Johnny McLoone is an Irish former Gaelic footballer who played for Naomh Conaill and the Donegal county team.

==Playing career==
McLoone won a Donegal Senior Football Championship title in 2005, the first in his club's history. He later won two more Donegal SFC titles. McLoone scored 0–2 against St Eunan's in the 2005 Donegal SFC final replay, while he was held scoreless in the 2010 final against Na Cealla Beaga, having started both games; he made a substitute appearance against St Eunan's in the 2015 Donegal SFC final, during which he scored 0–1. He also played in the 2010 Ulster Senior Club Football Championship, when his club reached the final of the competition.

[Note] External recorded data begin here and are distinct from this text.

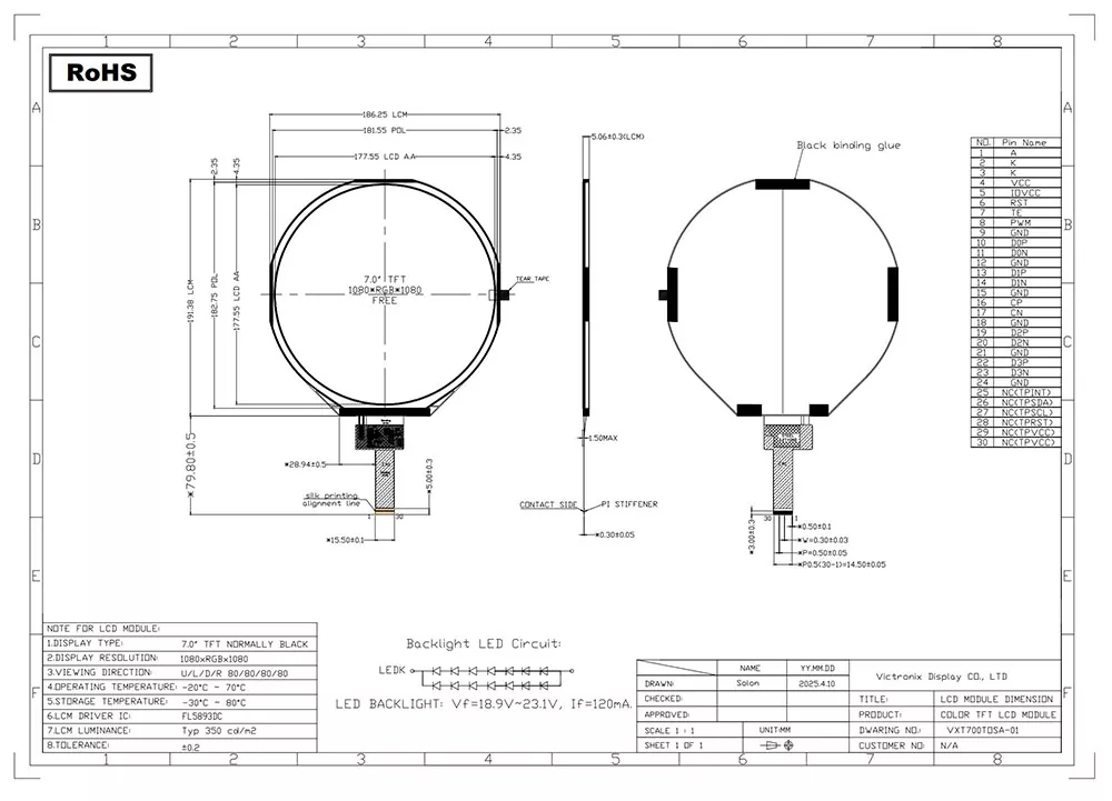 Is féidir modúl TFT a fháil i ngach áit sa saol. Cad a dhéanann an Victronix 7 orlach 1080 × 1080 Babhta IPS TFT LCD difriúil ó mhonaróirí eile? Ar dtús, cinntíonn a ghile 500 CD/m², cóimheas codarsnachta 800: 1, agus uillinneacha féachana 80 ° i ngach treo íomhánna beoga. Ar an dara dul síos, tacaíonn an gléas le comhéadan MIPI 4-lána leis an rialtóir FL5893DC le haghaidh aistriú sonraí ardluais. Ina theannta sin, tá cúl -sholas 32 faoi stiúir bán ann le saolré de 30,000 go 50,000 uair an chloig, ag cinntiú feidhmíocht iontaofa in iarratais thionsclaíocha éagsúla. Thairis sin, comhlíonann sé caighdeáin ROHS agus téann sé i ngleic le tástálacha iontaofachta déine (turraing theirmeach, taise, stóráil) chun oibriú go flaithiúil i dteochtaí foircneacha (-20 ° C go +70 ° C) agus chun coinníollacha stórála géara a sheasamh (-30 ° C go +80 ° C).
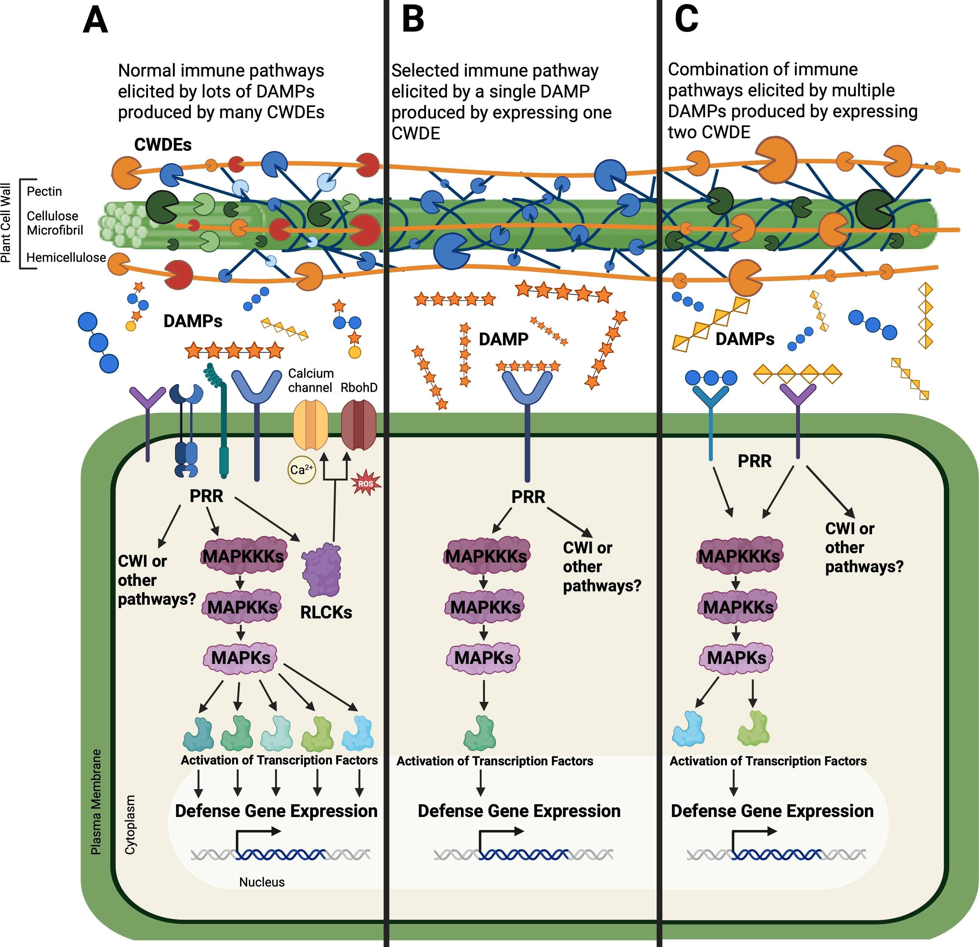 Figure 3. The transgenic plants expressing cell wall degrading enzymes (CWDEs) can allow for a more selective elicitation of the plant defense response. Normally during infection, pathogens secrete many different CWDEs that produce a host of damage-associated molecular patterns (DAMPs) from the CW, eliciting many immune pathways in the plant. DAMPs are perceived by pattern recognition receptors (PRRs) which can activate receptor-like cytoplasmic kinases (RLCK) to initiate calcium signaling (Ca2+) or reactive oxygen species (ROS) production through RbohD (respiratory burst oxidase homolog D). Additionally, mitogen-activated protein kinase (MAPK) can be phosphorylated to change defense gene expression, or the cell wall integrity (CWI) can be compromised inducing other changes. To isolate these responses, the expression of a single CWDE gene in plants can produce a single DAMP, eliciting only a few pathways. CWDE genes can also be expressed in specific combinations.
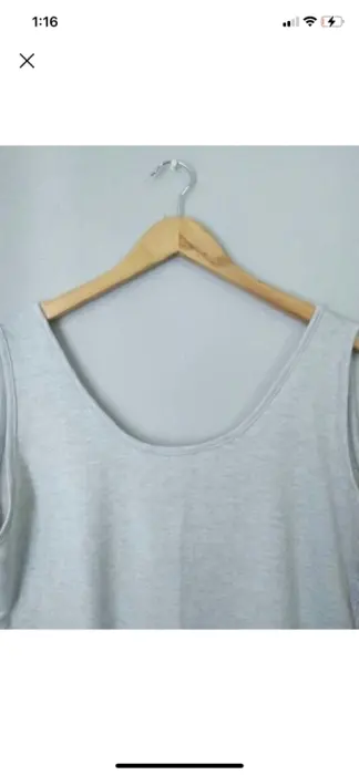 Playera gris claro, con escote en la espalda ideal para hacer ejercicio.La tela es ligera y suave.Medidas aproximadas:Pecho 104 cmAncho 102 cmLargo 69 cm
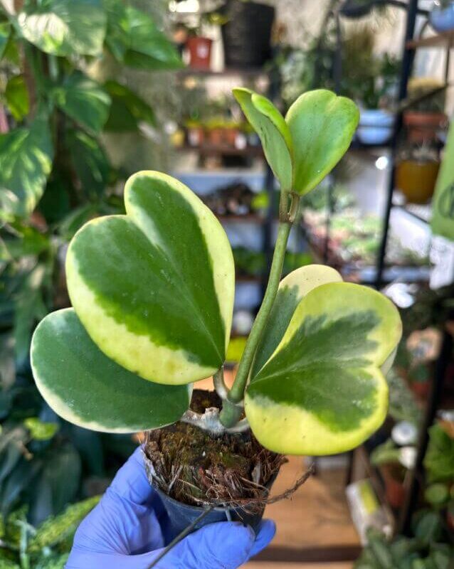 Your Variegated Hoya Kerrii will thrive in a well-lit area where it can enjoy bright, indirect sunlight. Too much direct sun might scorch the leaves, so dappled light is ideal. Lower light levels are okay but may reduce blooming.
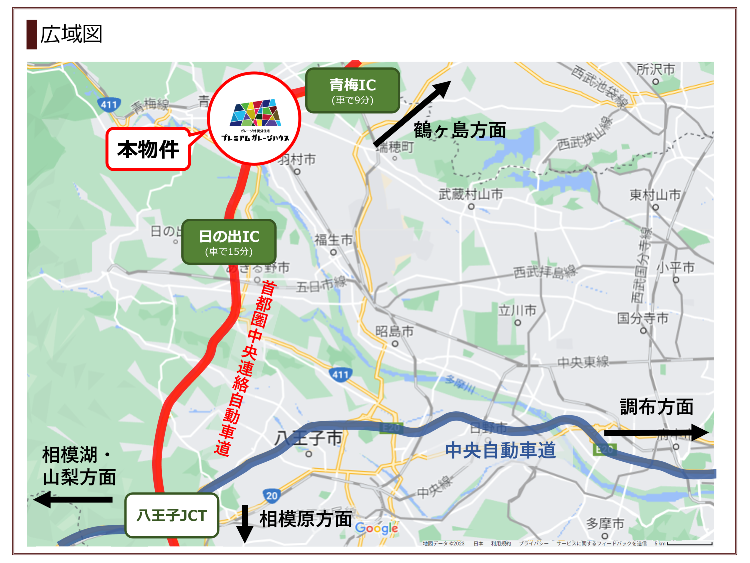 首都圏中央連絡自動車道「日の出IC」入口まで6.9km(車で15分)

While playing for Donegal, McLoone won the 1996 Ulster Minor League and 1996 Ulster Minor Football Championship, when he was part of a team that included Michael Hegarty and Barry Monaghan, and that was managed by Anthony Molloy. He played in the 1996 All-Ireland Minor Football Championship semi-final defeat to Laois, his kick short at the end meaning Donegal lost the game by a point. Brian McEniff called McLoone into the senior team after he was appointed as manager again in 2003. McLoone continued to play for Donegal under McEniff's successor Brian McIver, during which time he won a National Football League medal in 2007.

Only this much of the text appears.